[WORK TO BE COMPLETED]
Range to output from the entries below: the line containing "Kerry Properties showcased" through the line containing "Habitat Mapping Unit 18 –Mid-Channel Pool". Set it down exactly, ends included, nothing else.

[SUPPLIED MATERIAL]
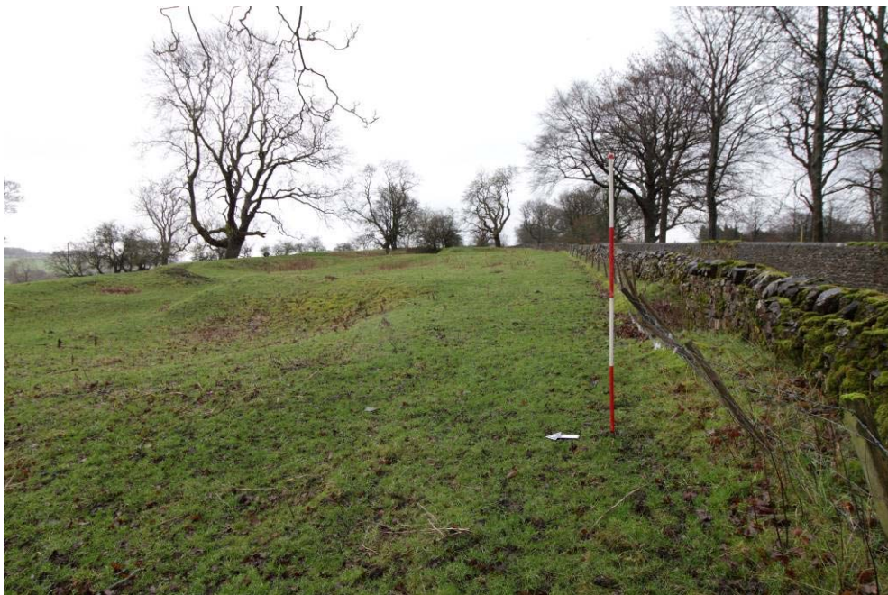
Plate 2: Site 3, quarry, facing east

...

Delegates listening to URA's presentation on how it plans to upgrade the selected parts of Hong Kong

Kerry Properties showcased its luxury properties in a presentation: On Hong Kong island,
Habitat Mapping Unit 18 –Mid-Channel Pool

[RESULT FOR THIS EXERCISE]
Kerry Properties showcased its luxury properties in a presentation: On Hong Kong island,
Habitat Mapping Unit 18 –Mid-Channel Pool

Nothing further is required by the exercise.